Matthew Poultney frowns.  “I’m sorry.  Exactly where are we?  So Crabtree cuckolded your father nearly thirty years ago.  If that’s your final clue, your story doesn’t amount to much.  It certainly doesn’t render Crabtree unfit for power.  In fact, having a famous footballer as his bastard son rather adds to his image, don’t you think?  Where’s the story, Chas?”

I grin at him.  “Did I say that was the last clue?  It was not.”   I cross to the bar and press the intercom button.  “Can you come up please, sweetheart?”

The voice at the other end sing-songs, “Just a minute!”

“You didn’t tell me you had a partner!”  Poultney exclaims.

“Matthew, you’re the newspaperman, you’re supposed to know these things!  We’d best wait; she gets annoyed if she is left out of the loop.  Another drink?”

As I refill his glass I draw my guest back to the window, which gives him a view of the river at twilight, one of my own favorite moods.  “You’ll be selling all this, then?”  He says.

I answer him reflectively:  “No – as I said, I like it here, my partner does too.  We’ll be in the States a while, but I’m still under contract to Torley.   The official version of my status is ‘on loan’ while I’m in LA.  The directors at Torley have identified a number of opportunities over there – they see the Millennium year as one for new ventures – so I may not return for a season, but I will come back.”

“Is that your boat?   How strange!  I expected something more of a statement.”

“Acres of white fiberglass and decks ripe for partying?  We prefer a boat to sail in.  We’ve an ambition to take her down to the Mediterranean; maybe next year, if we get more time.”

“You and your partner?   Where is she, by the way?”

“Behind you,” Nel says.

Matthew turns, a spontaneous word of apology on his lips, but his eyes take in Nel’s condition and it changes to a startled “Oh!”  which he quickly recovers.  “I’m sorry, I didn’t realise…”

“Nothing to be sorry for!”  Nel absolves him blithely.  “We two are soon to be three.  It’s quite natural, you know.  It happens all the time.  I’m Nel, by the way; he always forgets to introduce me.  I’m sorry I couldn’t join you earlier; I had some work to catch up on.”

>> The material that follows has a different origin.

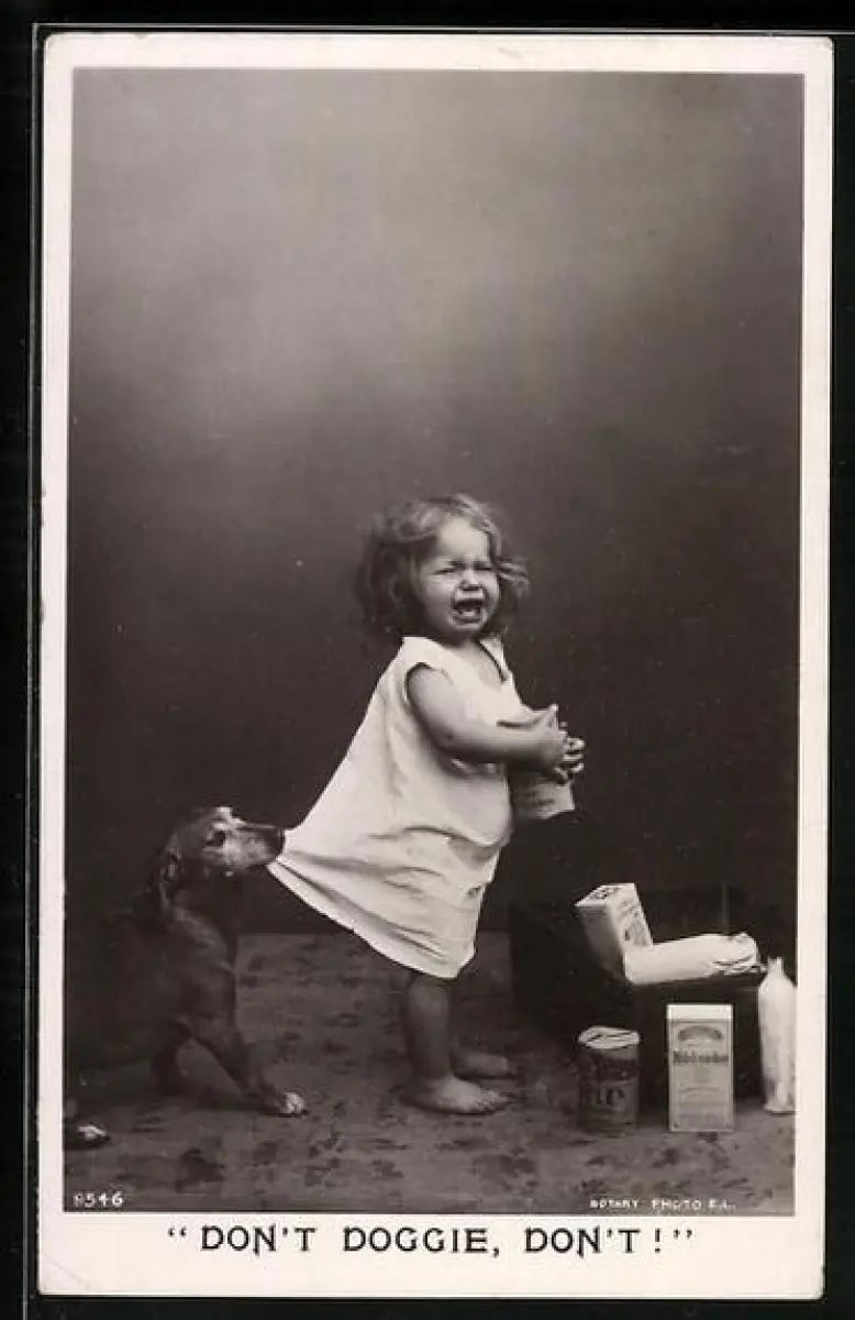 AK Dackel zerrt am Kleid eines weinenden Mädchens

“I’m neglectful of my manners but very protective,”  I tell Matthew.  “Now you see why I am so insistent that what we are about to tell you doesn’t get traced straight back to us.  Nel’s going to be here alone for a few weeks clearing up her caseload before she follows me to LA.  I don’t want her to be troubled by anyone; your colleagues in the press – or Mack’s friends from the local boxing academy, come to that.   So this is yours exclusively; we give you all the clues, now, and you follow them up, will you?”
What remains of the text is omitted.